Monday, September 19, 2016

Hide and Seek

From where do you seek God?

As I consider this question, I'm drawn back into the Garden, into an Eden on the edge of the curse, where the God who walked among His people was first sought, where two sets of eyes peering out from the brush searched for Him in a way that man never had. And in a way that man still does.

Prior to the whole fruit fiasco, God had never had to be sought; He simply was. He simply walked around in the Garden, His footsteps on the same lush creation at Adam and Eve's. There was no looking for Him; He was right there. There was no wondering what He was doing; it was all in plain sight. There was no question about this Lord; the glory of Him walked among us. But a bite or two later, and all that changed.

Oh, God did not change. No, He still walked around in the Garden, still left His footprints on the same lush creation. He was still right there, right in plain sight. But bushes don't make good windows, and so, from the place of great shame, Adam and Eve began their search for Him, starting with the sound of His footsteps approaching in the cool of the day.
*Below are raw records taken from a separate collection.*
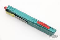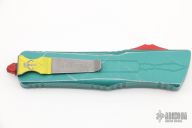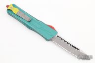 This Combat Troodon by Microtech features an Apocalyptic finished tanto blade with full serrated edge. The handle has a distressed green aluminum frame with red hardware and a tip down stainless steel clip. Comes with original box and papers. Dated 07/2022 and s/n 2455. Excellent condition.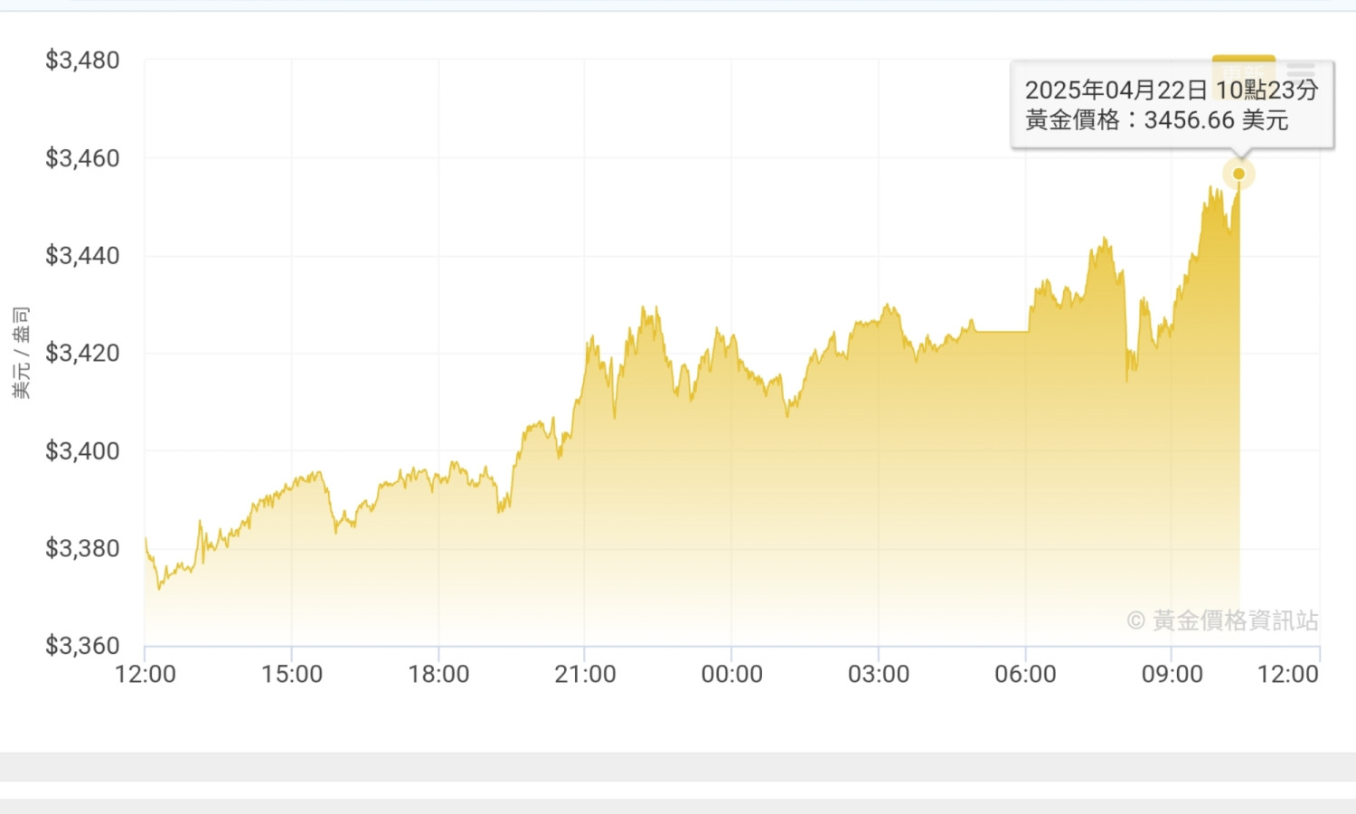 截至2025年4月22日,國際金價持續創下新高,主要受到美中貿易緊張、美元走弱、通膨壓力以及地緣政治風險等因素影響。根據最新報導,金價已突破每盎司3,430美元,年初至今漲幅接近30%。此外,市場預期金價可能進一步挑戰每盎司3,500美元的關卡。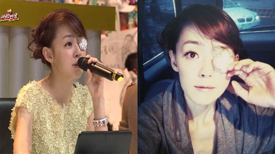 지난 20일 김윤아는 신경마비 증세로 안대를 한 채 방송에 출연했다. 바이러스성 안면마비로 왼쪽 눈과 입이 움직이지 않았지만 안대를 하고 방송에 출연하는 등 투혼을 발휘한 것.
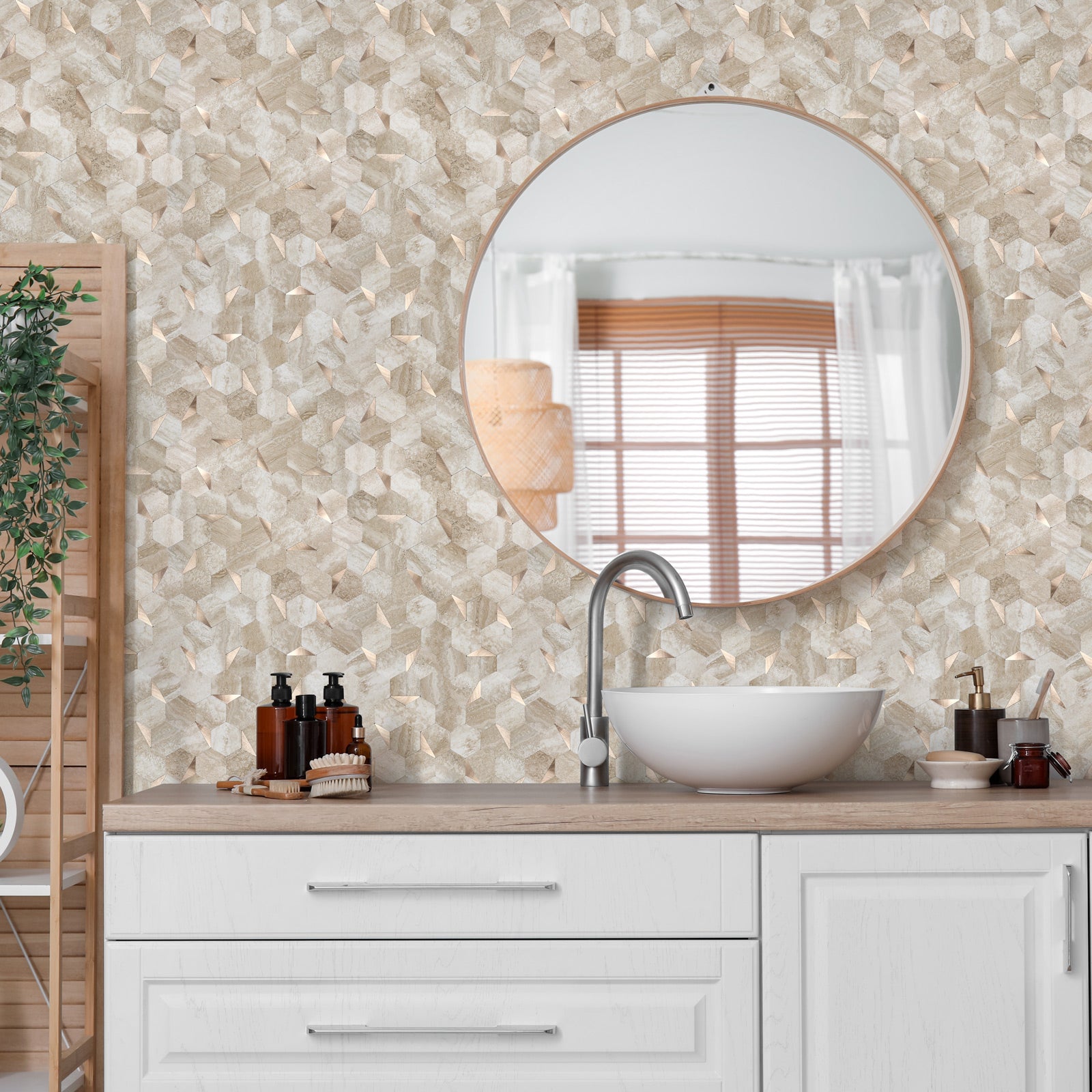 Hexagon Tiles Peel and Stick Backsplash Beige Slate 3D PVC Wall Tile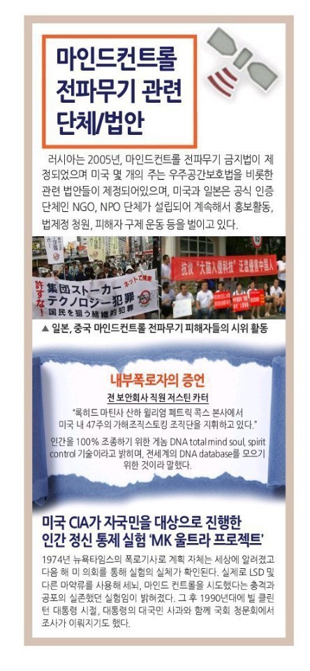 (플러스코리아타임즈신문에서 마인드컨트롤전파무기피해를 기사로 다룸)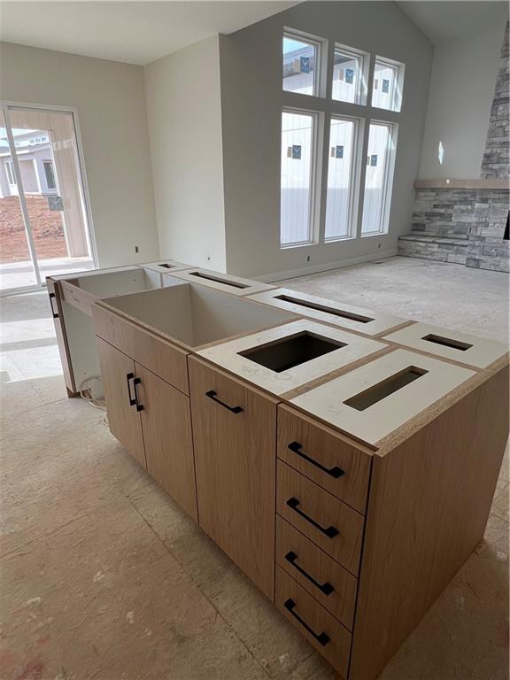 The Hudson Reverse 1.5-story by Rodrock Homes pairs modern design with effortless main-level living in Sundance Ridge. Now at the trim stage, this home features the Contemporary Elevation 4 package with upgraded garage doors, a 5-panel front door, linear 46" fireplace, metal roof, and black exterior/white interior windows. The open layout highlights a sleek kitchen with large island, walk-in pantry, and designer finishes flowing into the great room with floor-to-ceiling windows and fireplace. The private primary suite includes a spa bath and walk-in closet; the finished lower level adds a rec room and two bedrooms. Photos shown are of a prior model. Enjoy The Village amenities—two pools, clubhouse & fitness center, indoor gym, pickleball, bocce, playground & trails—in Blue Valley Schools. Ideal location just 5 min to Blue Valley High, 8 min to Price Chopper, 10 min to BluHawk shopping & dining, and 16 min to Heritage Park’s lake & trails. Approx. 180 days to completion.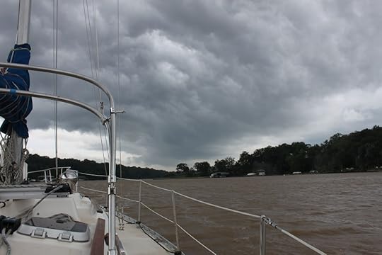I was thrilled to have someone to talk to, so I unloaded on him. "Well," I said, "while I was in Solomons, I blew the main oil gasket on the engine and had to have it replaced, and then sailing up the bay, I executed a controlled gybe and a block on my mainsheet traveler disintegrated, then when I tried to lower my headsail in anticipation of the hurricane, I discovered my jib halyard has jammed at the top of the mast, and I had to go up in the bosun's chair to undo the shackle to lower the sail, and it appears that I have alternator problems again because my batteries aren't charging when I run my engine so I've had to turn off my refrigeration." I paused to take a breath.

The truth is, it's here that we do our best searching. We do our best seeking after God from the brush, from the dark places. From the places that make the worst windows, where light is hard to come by and all the little gnats and flies and bugs are buzzing around. From the darkness, from the dirt, from the miserable, from the shame - it is here where we do our best seeking.

Though it rarely occurs to us that we are the ones who need to be found.
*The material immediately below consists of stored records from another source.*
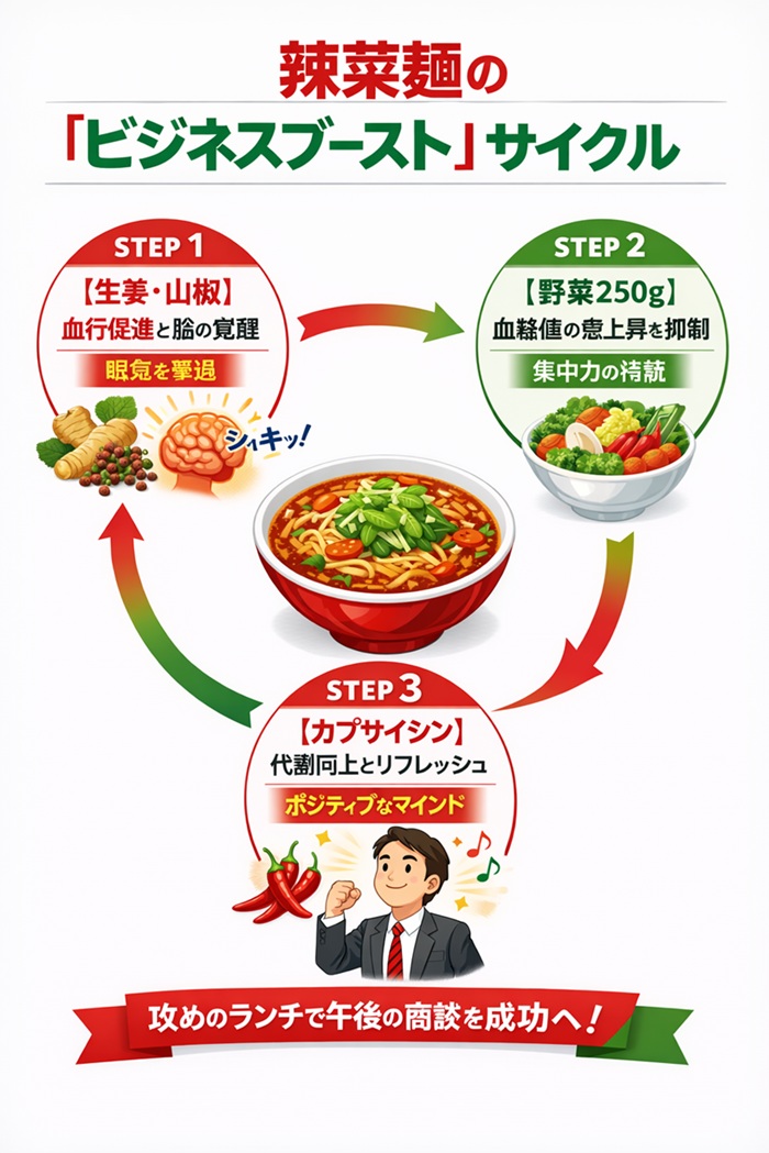 辣菜麺は、むしろ午後のパフォーマンスを劇的に引き上げる「戦略的ランチ」です。
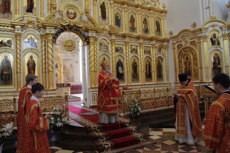 9 мая, в четверг Светлой седмицы Преосвященнейший Илия, епископ Рузаевский, викарий Саранской епархии совершил Божественную литургию в Свято-Феодоровском кафедральном соборе города Саранска.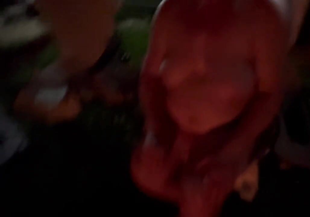 Cock sucking by the fire pit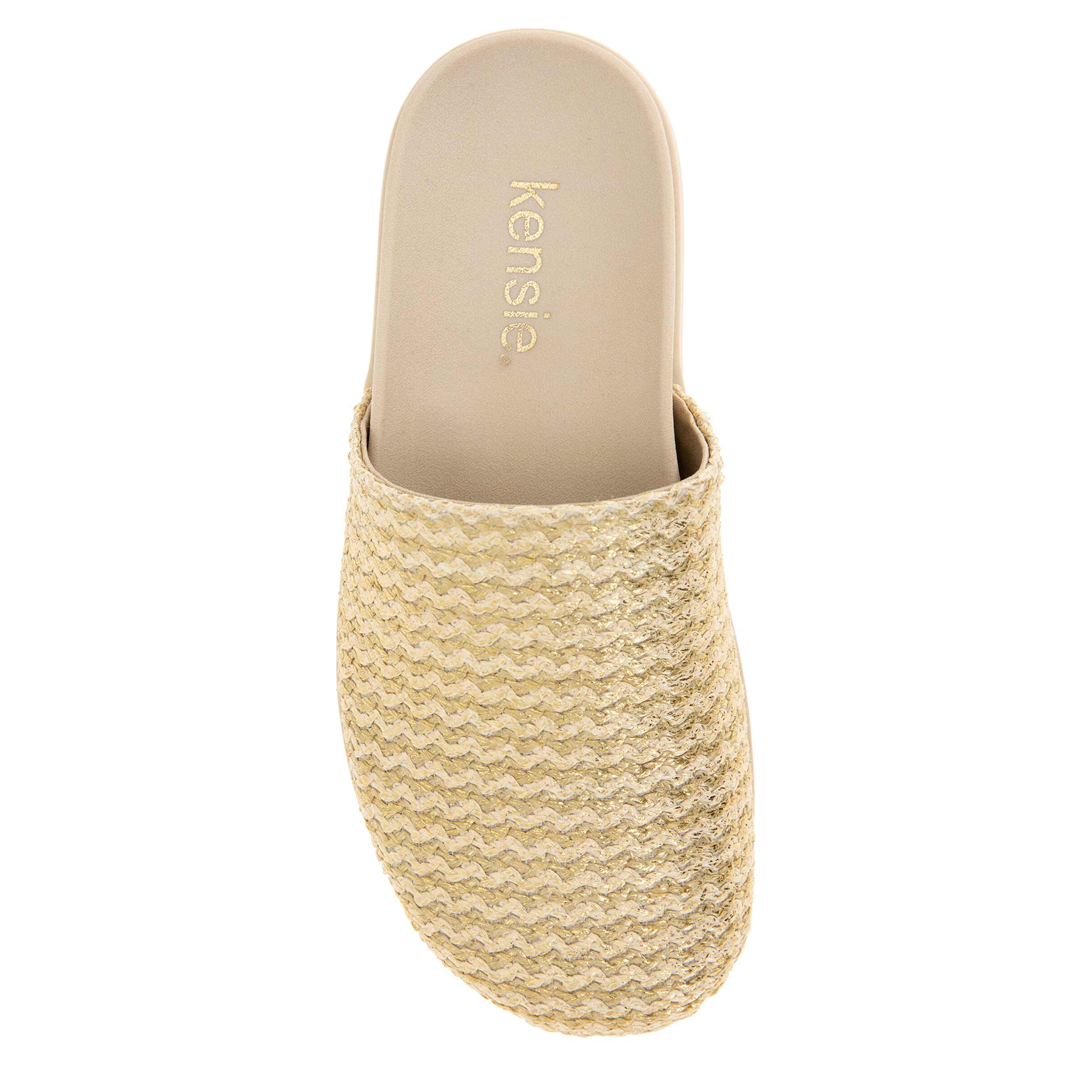 Live-in style with the Paislee women's clog from Kensie. Featuring a lightweight upper with a simple design, this woven shoe works around the house and for quick errands. The footbed cradles your foot, while the outsole offers durability.

Typically, in a game of hide and seek, one party hides and the other seeks. One longs to find; the other labors not to be found. But this is not the case with us and God. This is not how it goes in the Garden. In the Garden, God does not change His presence. He does not mask His glory. He just...is. Just as He's always been. He knows, we can assume, that He is being sought from the bushes, but He does not hide. 

It is we, the seekers, who are hidden.

And that is our difficulty. That's what's so troubling about this. We who hide also seek, as though it is He who must be found and not us. The leaves obscure our eyes, the darkness cuts in, and we are sure it is He who exists in wisps and shadows; we have all but forgotten the dirt on our knees. We swat at the bugs the fly in our faces, as though it is some version of the plague that struck Egypt, not remembering that this shrubbed place is their home, not ours. We peer through the smallest spaces, just big enough to see a glimpse here and a glimpse there of glory, and we wonder why He will not simply show up. We forget that we are crouched down.
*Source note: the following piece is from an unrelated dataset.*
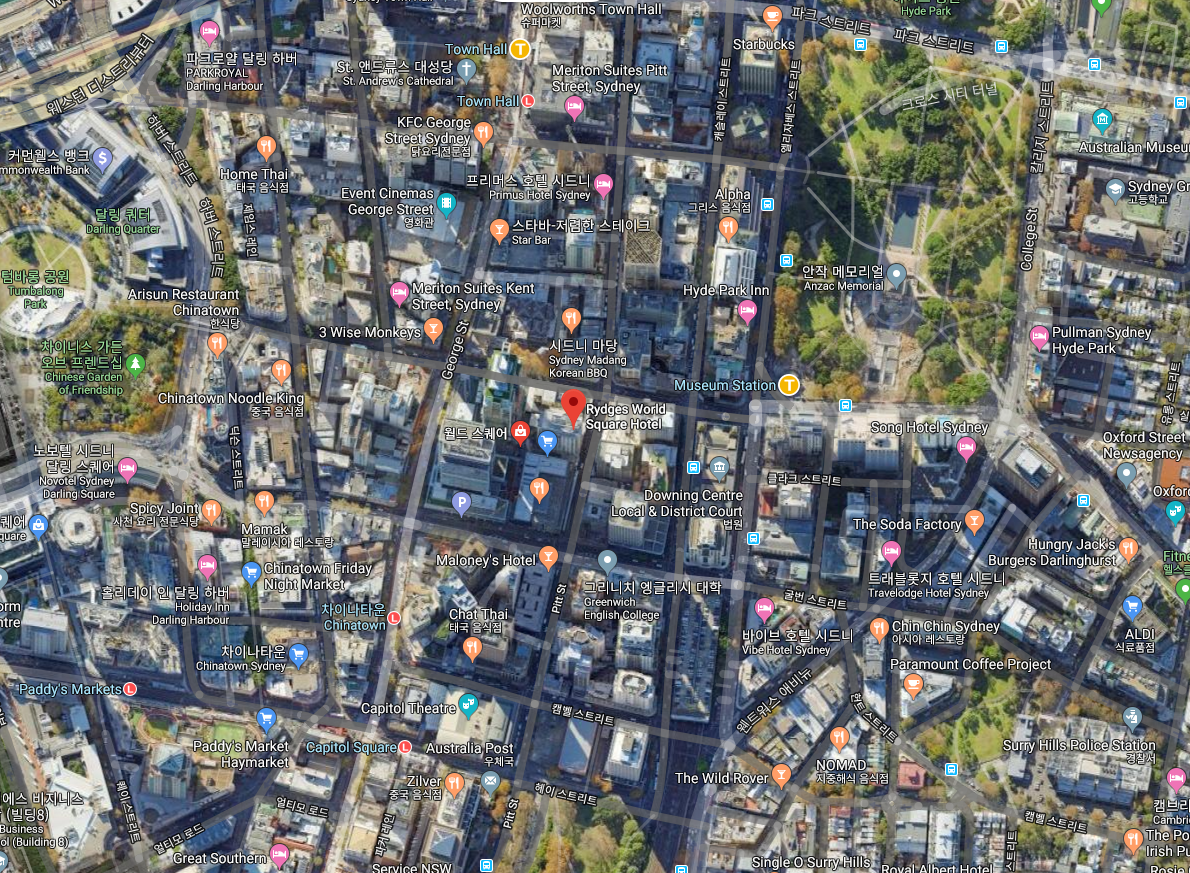 시드니호텔 리지스 월드 스퀘어 (Rydges World Square)는 월드 쇼핑 및 비즈니스 구역에 도보로 가능한 위치에 자리하고 있으며 시드니의 여러 관광명소를 여행하는 데에 편리합니다. 호텔 인근에 모노레일이 운행되고 있어 달링 하버, 시드니 컨벤션&익시비션 센터 및 시드니 수족관 등으로 편리하게 이동 가능합니다.

We ask why it is that this God that we are seeking is not seeking us, but the truth is that He knows already where we are; it is we who have forgotten. 

In a game of hide and seek, there is one who is seeking and one who must be found. But in our Christian lives, it is often we who are both. We are playing from both sides. And the only answer to our trouble is to stand up, to shake off our shame, and let ourselves be found by the very God we seek.